Data science is a good match for many former academics because it leverages some of the math and statistics knowledge that many PhDs learn and use. For a quick visual explanation of what data science is check out this handy diagram.

Types of problems data scientists may tackle in industry are varied and broad: automated medical diagnosis, analysis of ad auctions, matching drivers of a rideshare service with riders, detection of fake reviews on an ecommerce site, summary analysis of a firm’s customer acquisition pipeline and churn. Some tasks may require learning tools that help manage very large data sets while other problems will involve techniques to wring information from sparse or small data sets.

Some data sciences tasks will focus on exposition and visualization while others strive to produce automation with machine learning.

Priorities

The first important thing to understand is that moving from academia to the private sector does not mean getting paid to be an academic.
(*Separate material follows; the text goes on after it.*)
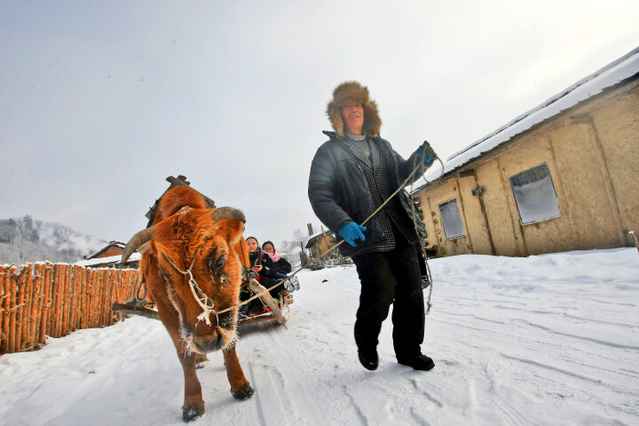 Tourists can ride an ox-drawn sled at Jinjiang Wooden Cabin Village

There may be cases where research style work or giving papers makes some sense — but in most companies and most roles this will be a very rare occurrence.

When you join a company your priority should be to create the most value you can.

As an academic you thought about success as getting more personal notability in your field, giving talks and publishing peer reviewed papers, etc. In the private sector the measure of success is wildly different.

To understand how to create value you need to understand the business that the company is in: how it makes money, why the customers value the product, how the product works.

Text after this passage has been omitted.